One SDE in Louisiana sent weekly 3-bullet updates to their mentor: training completed, question backlog, self-study progress. The mentor began referring to them in meetings as “our new pipeline owner.” Perception preceded contribution. That’s how influence builds in hierarchical systems.

Preparation Checklist

  • Complete all pre-onboarding paperwork the day you receive it—delays trigger IT provisioning holds
  • Set up CAC-compatible hardware and software on your personal machine (use DoD CAC setup guides)
  • Study NIST 800-53, RMF, and DFARS basics—these frame engineering decisions
  • Map the difference between FIPS 140-2 and FIPS 140-3 environments—your code may need dual compliance
  • Work through a structured preparation system (the PM Interview Playbook covers defense tech onboarding with real debrief examples)
  • Identify 2–3 public repositories or open-source adjacent projects linked to Lockheed contractors
  • Draft a personal 30-60-90 plan focused on compliance, documentation, and incremental technical contribution

Mistakes to Avoid

BAD: Showing up on day one asking for a GitHub repo and Jira access.

GOOD: Asking for the system ADR library and the last three sprint retros.

One SDE in Denver was flagged in their 30-day review for “misaligned expectations.” They’d pushed for immediate task assignment.
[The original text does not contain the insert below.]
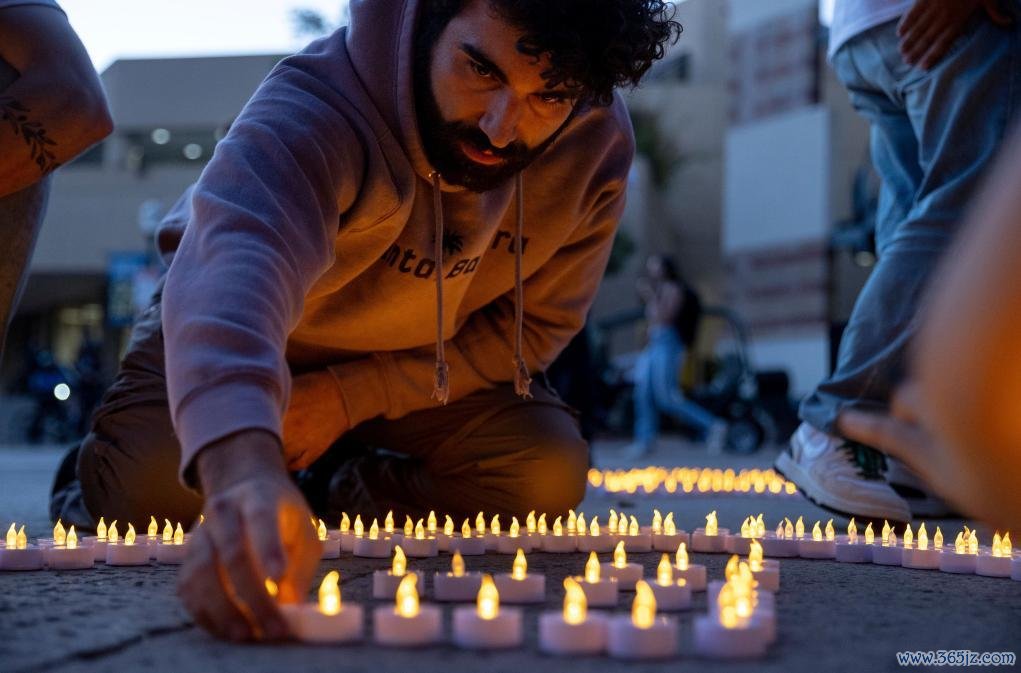 2024年10月7日,新一轮巴以冲突爆发一周年之际,在美国加利福尼亚州洛杉矶,加利福尼亚大学洛杉矶分校的学生们参加集会活动时点亮蜡烛。新华社/美联

The manager noted: “Doesn’t understand phased integration.” In defense tech, eagerness reads as risk tolerance.

BAD: Prioritizing a personal coding project over mandatory training.

GOOD: Using downtime to document your learning and map dependencies.

A hire in Akron skipped the “Secure DevOps Pipeline” module to build a prototype. Their access was suspended for five days. The team had to reassign work. Their 90-day review: “high skill, low compliance awareness.” That became a career anchor.

BAD: Assuming agile means startup speed.

GOOD: Recognizing that “sprints” here include audit checkpoints and government review gates.

In 2025, a Scrum Master from Amazon tried to eliminate documentation overhead. The government PM rejected the change. The engineering lead was reprimanded. At Lockheed, process is product. Deviation is liability.

FAQ

Is it normal to not write code for the first 30 days?

Yes. First-month delays are standard due to IT provisioning, security training, and access approvals. Managers expect zero commits in month one. Your value is in compliance completion and context learning—not output. One 2025 cohort averaged 18.3 days before first code commit. Delays are not performance indicators.

Should I try to skip onboarding modules if I’ve done them before?

No. Each site enforces its own audit trail. Skipping modules—even with prior completion—triggers access blocks. In a 2024 case, a lateral hire from Northrop had to retake six modules due to version mismatches. Completion, not mastery, is the requirement.

How much do SDEs make at Lockheed Martin in 2026?

Base salaries range from $95K–$140K. Unclassified roles in non-high-cost areas start at $95K–$110K. Cleared roles in D.C., Colorado, or California range from $120K–$140K. Bonuses are rare. Stock is not offered. Compensation reflects stability, not growth velocity. Pay is for presence, not performance.